WORK TO COMPLETE:
The expected output is the data below, character for character, without its pictures.

PROVIDED MATERIAL:
_____
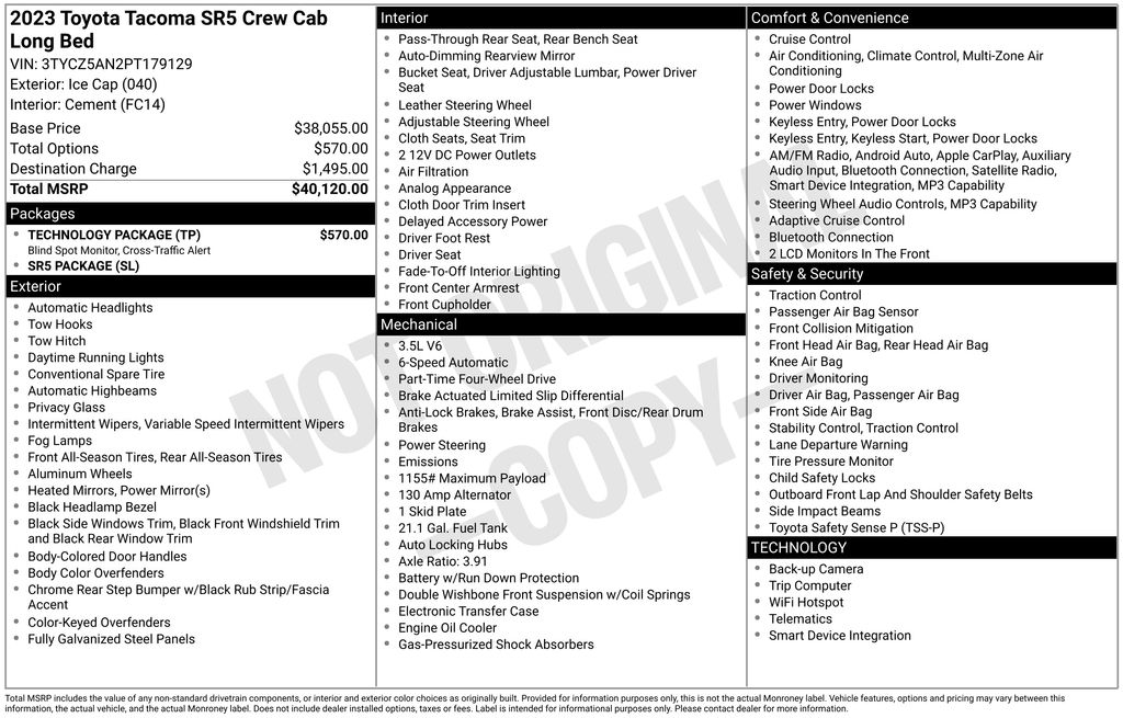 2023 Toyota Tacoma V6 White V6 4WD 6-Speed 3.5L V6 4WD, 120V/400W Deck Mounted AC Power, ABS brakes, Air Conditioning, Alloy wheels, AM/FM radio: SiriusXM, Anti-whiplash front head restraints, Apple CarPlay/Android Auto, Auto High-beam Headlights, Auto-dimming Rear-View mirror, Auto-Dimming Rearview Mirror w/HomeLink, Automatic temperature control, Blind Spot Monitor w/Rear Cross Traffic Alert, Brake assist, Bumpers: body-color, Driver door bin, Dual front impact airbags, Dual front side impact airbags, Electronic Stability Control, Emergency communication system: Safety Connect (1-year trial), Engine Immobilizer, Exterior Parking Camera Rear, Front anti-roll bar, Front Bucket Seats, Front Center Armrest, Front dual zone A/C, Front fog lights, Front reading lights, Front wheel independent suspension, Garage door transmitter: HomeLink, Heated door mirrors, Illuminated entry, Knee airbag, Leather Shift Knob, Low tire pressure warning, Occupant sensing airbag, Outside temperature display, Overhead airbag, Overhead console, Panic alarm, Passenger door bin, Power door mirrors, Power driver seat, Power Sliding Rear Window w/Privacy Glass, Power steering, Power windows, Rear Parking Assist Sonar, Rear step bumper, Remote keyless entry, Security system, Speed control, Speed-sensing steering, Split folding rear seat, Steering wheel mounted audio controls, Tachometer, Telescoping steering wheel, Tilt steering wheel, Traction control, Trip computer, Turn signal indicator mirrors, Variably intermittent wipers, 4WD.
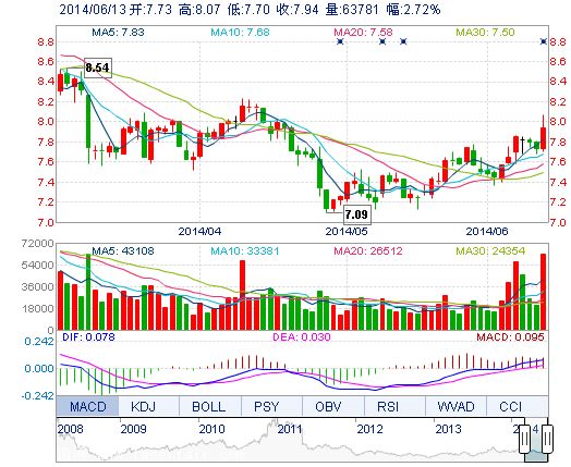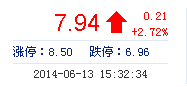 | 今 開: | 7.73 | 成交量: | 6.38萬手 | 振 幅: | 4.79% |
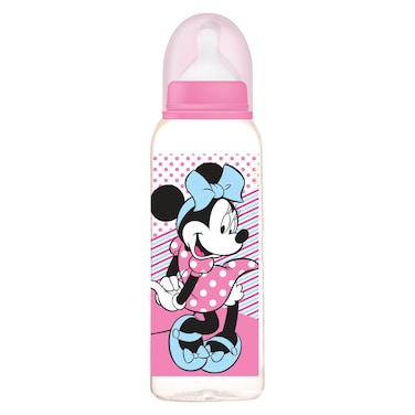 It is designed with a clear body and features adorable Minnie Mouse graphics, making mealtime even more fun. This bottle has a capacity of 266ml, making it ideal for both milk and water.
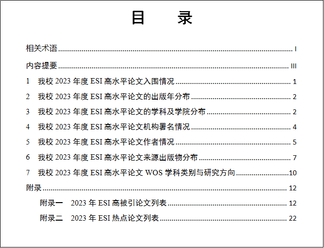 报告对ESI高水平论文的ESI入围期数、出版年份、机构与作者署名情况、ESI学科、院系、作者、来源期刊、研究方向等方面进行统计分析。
_____
RESPONSE FOR THIS EXERCISE:
 2023 Toyota Tacoma V6 White V6 4WD 6-Speed 3.5L V6 4WD, 120V/400W Deck Mounted AC Power, ABS brakes, Air Conditioning, Alloy wheels, AM/FM radio: SiriusXM, Anti-whiplash front head restraints, Apple CarPlay/Android Auto, Auto High-beam Headlights, Auto-dimming Rear-View mirror, Auto-Dimming Rearview Mirror w/HomeLink, Automatic temperature control, Blind Spot Monitor w/Rear Cross Traffic Alert, Brake assist, Bumpers: body-color, Driver door bin, Dual front impact airbags, Dual front side impact airbags, Electronic Stability Control, Emergency communication system: Safety Connect (1-year trial), Engine Immobilizer, Exterior Parking Camera Rear, Front anti-roll bar, Front Bucket Seats, Front Center Armrest, Front dual zone A/C, Front fog lights, Front reading lights, Front wheel independent suspension, Garage door transmitter: HomeLink, Heated door mirrors, Illuminated entry, Knee airbag, Leather Shift Knob, Low tire pressure warning, Occupant sensing airbag, Outside temperature display, Overhead airbag, Overhead console, Panic alarm, Passenger door bin, Power door mirrors, Power driver seat, Power Sliding Rear Window w/Privacy Glass, Power steering, Power windows, Rear Parking Assist Sonar, Rear step bumper, Remote keyless entry, Security system, Speed control, Speed-sensing steering, Split folding rear seat, Steering wheel mounted audio controls, Tachometer, Telescoping steering wheel, Tilt steering wheel, Traction control, Trip computer, Turn signal indicator mirrors, Variably intermittent wipers, 4WD.
 | 今 開: | 7.73 | 成交量: | 6.38萬手 | 振 幅: | 4.79% |
 It is designed with a clear body and features adorable Minnie Mouse graphics, making mealtime even more fun. This bottle has a capacity of 266ml, making it ideal for both milk and water.
 报告对ESI高水平论文的ESI入围期数、出版年份、机构与作者署名情况、ESI学科、院系、作者、来源期刊、研究方向等方面进行统计分析。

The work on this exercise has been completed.